Glaucoma: The Silent Thief of Sight
If caught early, it can be controlled with medicine and surgery
FRIDAY, Jan. 16, 2004 (HealthDayNews) -- It's called the silent thief of sight, and for good reason.
Glaucoma has few if any early symptoms. And when they do appear, the disease has already robbed its victims of some sight. About 3 million Americans have glaucoma, but many do not know it yet.
Regular, routine eye exams, including special tests, can improve the odds of early detection, experts say. And, once detected, the disease can be controlled -- and remaining vision preserved -- with improved medicine and surgery techniques.
"The key is to get checked before the disease becomes symptomatic, " says Dr. Andrew Iwach, an ophthalmologist and assistant professor at the University of California, San Francisco.
That's a message that bears repeating during January, National Glaucoma Awareness Month.
Since glaucoma risk rises with age, eyes should be tested at about age 35 and 40, then every two to four years after age 40 and every one to two years after age 60, suggests the Glaucoma Research Foundation. Those at high risk due to family history should get exams every one to two years after age 35.
Glaucoma is actually a group of eye diseases, but all types damage the optic nerve, causing vision loss and, sometimes, blindness. The optic nerve connects the retina to the brain and it houses more than 1 million nerve fibers. For good vision, you need a healthy optic nerve.
What goes wrong in glaucoma? In the front of the eye, clear fluid flows in and out of a space called the anterior chamber. When the fluid passes out too slowly and builds up, pressure can increase and this intraocular pressure can rise to the point where it damages the optic nerve. This form of the disease, the most common, is called open angle glaucoma. It's so named because the fluid leaves the anterior chamber at the open angle where the cornea and the iris meet.

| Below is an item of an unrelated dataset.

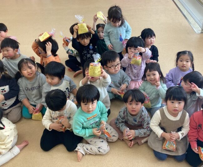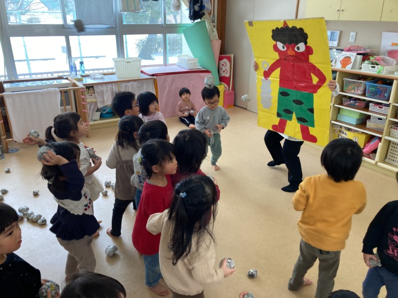 当日は“まめまき“の歌を楽しく歌い、節分のシアターを見て行事に親しみました。そして、大きい鬼のイラストに少しドキドキしながら、鬼のついたてに向かって「おにはそとー」と一生懸命豆まきをしましたよ!途中で鬼が登場すると驚き、保育者の足にしがみつく子どもたち。保育者と一緒に鬼退治をし、最後にはお土産をもらって嬉しそうな表情を見せてくれました♡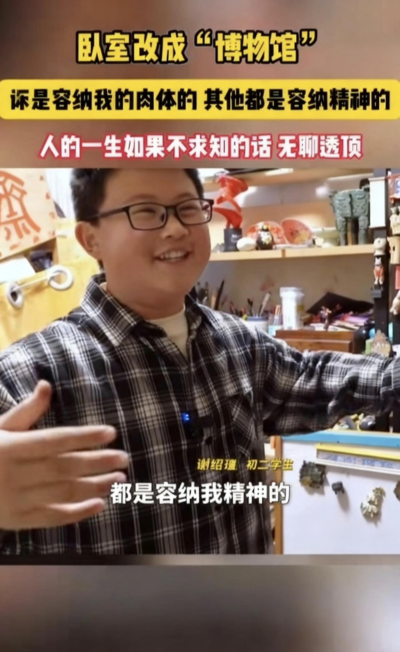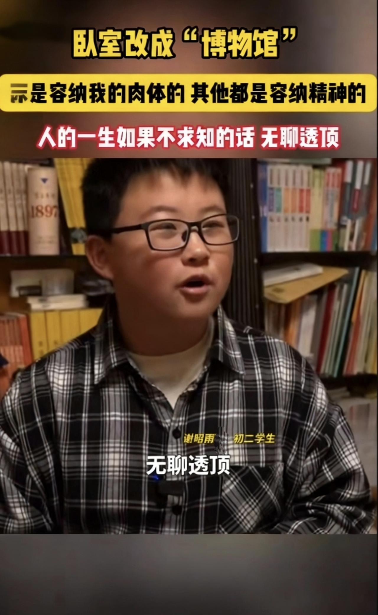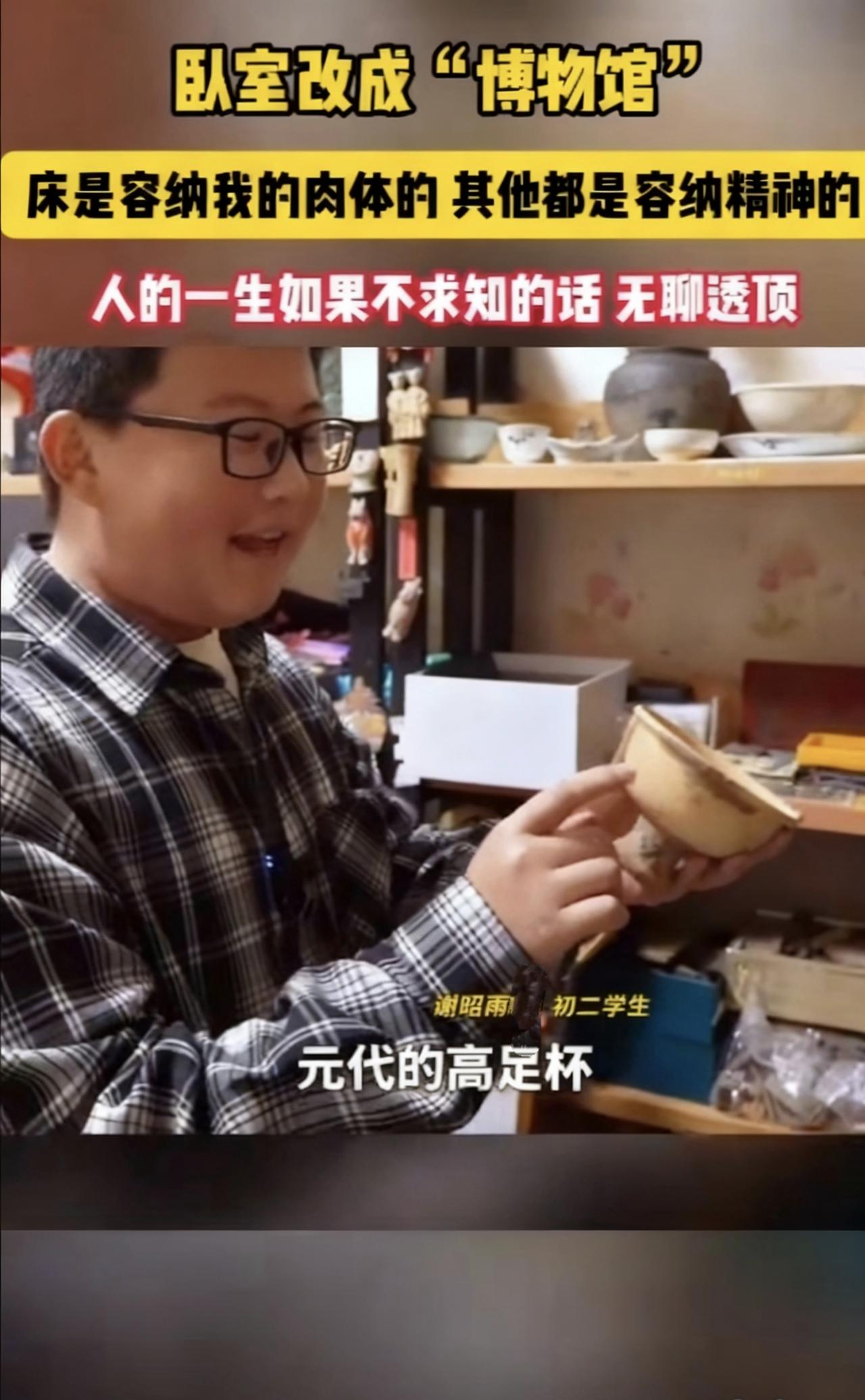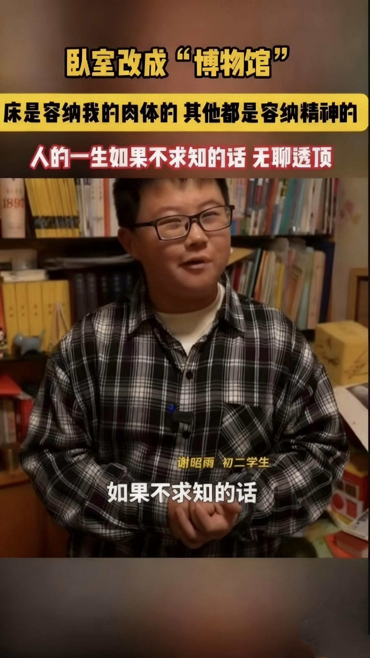 "人的一生如果不求知的话,无聊透顶!"思想成熟、谈吐不凡的河南郑州14岁小孩哥。 当同龄孩子还在为游戏皮肤氪金、刷短视频消磨时光时,河南郑州14岁初中生谢昭雨的卧室,早已变成了一座让人惊叹的“雨堂博物馆”。10平米的小空间里,元代高足杯静静伫立,洛阳汉砖印着千年纹路,满架古籍从地板堆到天花板,唯一空置的地方,只有那张仅够安身的单人床。 “这张床是容纳肉体的,剩下的东西,都在容纳我的精神。”面对镜头,少年谈吐间满是超越年龄的通透。为了填满这个“精神王国”,他把多年攒下的零花钱、压岁钱全砸进了书籍和文物里,宁愿袜子穿到破洞也不轻易更换,却在遇到心仪的古籍时眼都不眨。“人的一生如果不求知的话,无聊透顶!”这句直白的话,戳中了无数在浮躁中迷失的成年人。 走进他的“博物馆”,处处是用心:墙上可能挂着亲手拓印的甲骨文,展柜里藏着用黏土自制的青铜器模型,连床头灯都被改装成太阳神鸟的造型,总成本不足200元,却装满了对历史的热爱。为了搞懂一块汉砖的纹路,他翻遍相关典籍;为了给邮票分类,对着目录查了整整三天;甚至把妈妈用来种石斛的古器物,悄悄纳入收藏清单,字里行间都是少年独有的执着与可爱。 网友们炸开了锅:“别人家孩子拆家,他直接造博物馆!”“这谈吐哪里是初中生,分明是行走的‘老教授’”。更有人感慨,在这个知识碎片化的时代,太多人忙着追逐流量与物质,却忘了静下心来求知的快乐。而谢昭雨用行动告诉我们,青春的潮流从不是跟风模仿,而是找到真正热爱的事,并为之全力以赴。 这份热爱的背后,离不开家人的开明。当他提出要把卧室改成博物馆时,父母没有指责“瞎折腾”,而是给予了最大的支持,这份尊重让兴趣得以自由生长,也成为素质教育最生动的范本。如今,谢昭雨已经开始整理3万字的《沉浸式学习指南》,计划和学校合作开设工作坊,想把这份对知识的热爱传递给更多同龄人。 有人说,这个14岁少年的卧室里,藏着中国教育最好的样子。没有功利的目的,没有强制的要求,只有纯粹的好奇与滚烫的求知欲。当越来越多的孩子被问及梦想只说“想当网红”时,谢昭雨用满屋的书籍与文物证明:精神的富足,永远比物质的堆砌更有力量;对世界的好奇,才是青春最珍贵的底色。 其实我们每个人心中,都曾有过这样一片“求知之地”,只是有人慢慢遗失在了成长的路上。你是否也被这个小孩哥打动?你支持孩子把零花钱用在求知上吗?欢迎在评论区分享你的看法!

Some people have glaucoma, and optic nerve damage, even without the pressure within the eye rising -- a type called low-tension or normal-tension glaucoma.
And, in recent years, Iwach says, experts have discovered the thickness of the cornea somehow plays a role in who gets glaucoma.
"We may have a patient who has a higher than normal pressure, but the optic nerve looks fine," he says. Odds are, the patient has a thick cornea, somehow possibly protecting against damage to the nerve.
During an exam for glaucoma, doctors will also look at the optic nerve, measure the intraocular pressure and evaluate peripheral vision -- often affected first in glaucoma.
To lower the pressure inside the eye, drops are commonly prescribed.
"Twenty years ago, in order to control glaucoma, we needed to use drops four times a day," says Dr. Michael Berlin, a professor of clinical ophthalmology at the Jules Stein Eye Institute at the UCLA David Geffen School of Medicine.
Some of the newer eye drop medicines only need to be taken once or twice a day. Drops work either by causing the eye to make less fluid or helping the fluid drain.
If surgery is deemed the best treatment, a doctor may do a procedure called a laser trabeculoplasty, in which the laser is aimed at the lens of the eye and makes several evenly spaced burns, stretching the drainage holes inside the eye and allowing the fluid to escape better.
While the traditional approach has been to use medicine first, then surgery if the glaucoma still progresses, Iwach says the latest thinking has it that some patients may benefit most from having surgery first.
Compliance with medication is a problem among patients, Berlin and Iwach agree. "Most patients are not compliant," Berlin says. Part of the reason, he suspects, is the patient can tell little difference in vision during the short term, whether he takes the medicine or not.
Good patient-doctor communication is the key, say Berlin and Iwach. All the latest information -- whether medicine or laser therapy is best; which eye drops are preferred -- "has to be customized to the individual patient," Iwach says.